Rod went back to the bench and table. He helped himself to another drink of water from the carafe. Someone threw a wreath of fresh flowers around his shoulders. Fresh flowers! In such a place… He wondered. Three rather pretty undergirls, two of them of cat origin and one of them derived from dogs, were loading a freshly dressed C’mell toward him. She wore the simplest and most modest of all possible white dresses. Her waist was cinched by a broad golden belt. She laughed, stopped laughing and then blushed as they led her to Rod.
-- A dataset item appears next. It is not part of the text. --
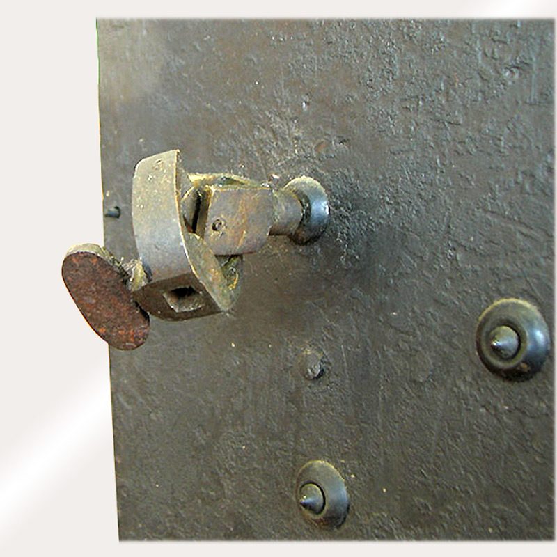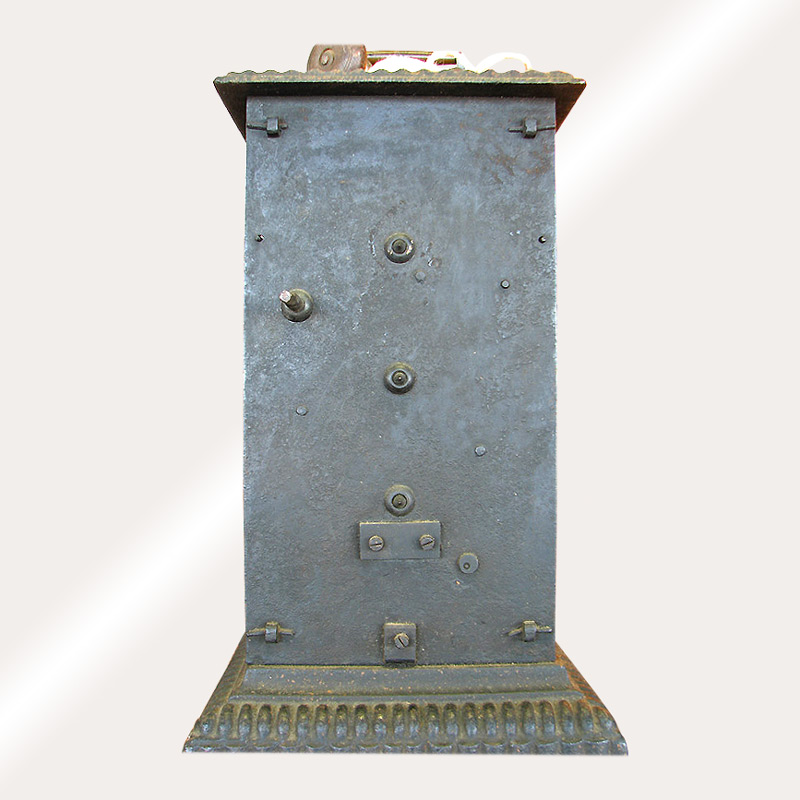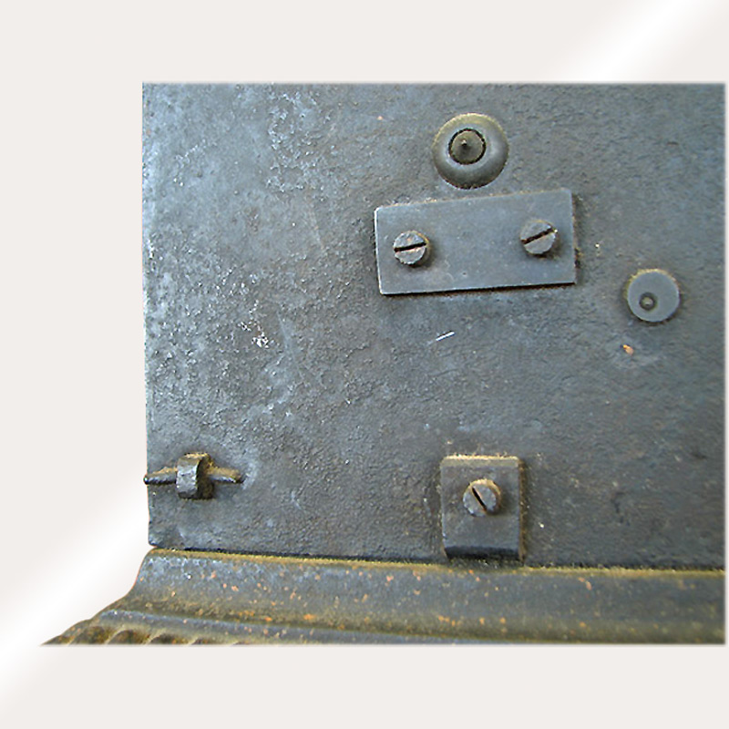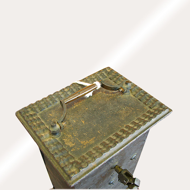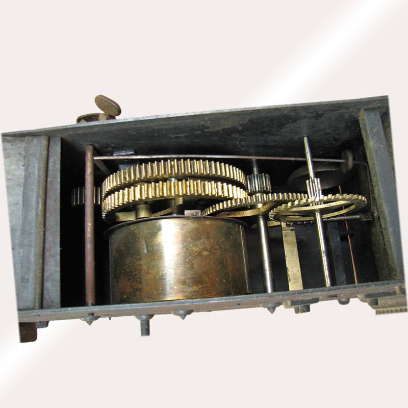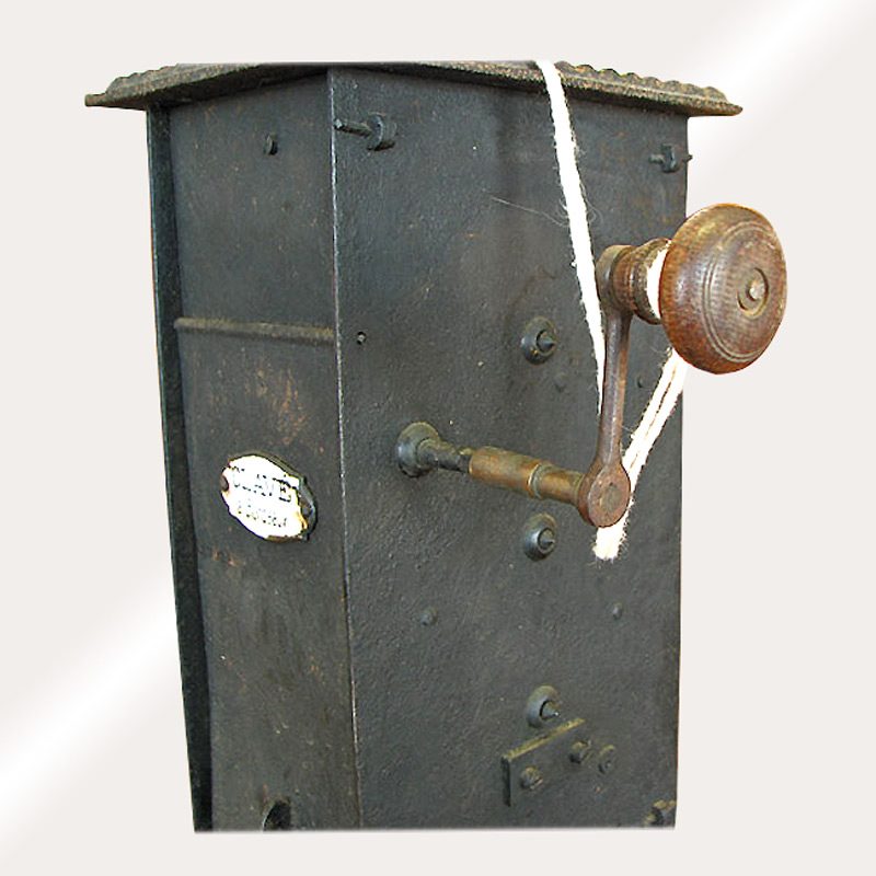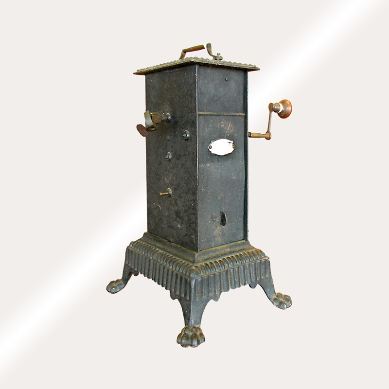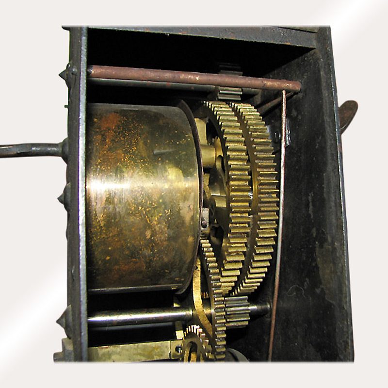 It is meant to attach to a spit over a hearth fire and is cranked to time the cooking of food.

Two seats were arranged on the bench. Cushions were disposed so that both of them would be comfortable. Silky metallic caps, like the pleasure caps used in surgeries, were fitted on their heads. Rod felt his sense of smell explode within his brain; it came alive richly and suddenly. He took C’mell by the hand and began walking through an immemorial Earth forest, with a temple older than time shining in the clear soft light cast by Earth’s old moon. He knew that he was already dreaming. C’mell caught his thought and said,
“Rod, my master and lover, this is a dream. But I am in it with you…”
Who can measure a thousand years of happy dreaming — the travels, the hunts, the picnics, the visits to forgotten and empty cities, the discovery of beautiful views and strange places? And the love, and the sharing, and the re-reflection of everything wonderful and strange by two separate, distinct and utterly harmonious personalities. C’mell the c’girl and C’roderick the c’man: they seemed happily doomed to be with one another. Who can live whole centuries of real bliss and then report it in minutes? Who can tell the full tale of such real lives — happiness, quarrels, reconciliations, problems, solutions and always sharing, happiness, and more sharing… ?
When they awakened Rod very gently, they let C’mell sleep on. He looked down at himself and expected to find himself old. But he was a young man still, in the deep forgotten underground of the E’telekeli, and he could not even smell. He reached for the thousand wonderful years as he watched C’mell, young again, lying on the bench, but the dream-years had started fading even as he reached for them.
Rod stumbled on his feet. They led him to a chair. The E’telekeli sat in adjacent chair, at the same table. He seemed weary.
“My Mister and Owner McBan, I monitored your dreamsharing, just to make sure it stayed in the right general direction. I hope you are satisfied.”
Rod nodded, very slowly, and reached for the carafe of water, which someone had refilled while he slept.
“While you slept, Mister McBan,” said the great E’man, “I had a telepathic conference with the Lord Jestocost, who has been your friend, even though you do not know him. You have heard of the new automatic planoform ships.”
“They are experimental,” said Rod.
“So they are,” said the E’telekeli, “but perfectly safe. And the best ‘automatic’ ones are not automatic at all. They have snake-men pilots. My pilots. They can outperform any pilots of the Instrumentality.”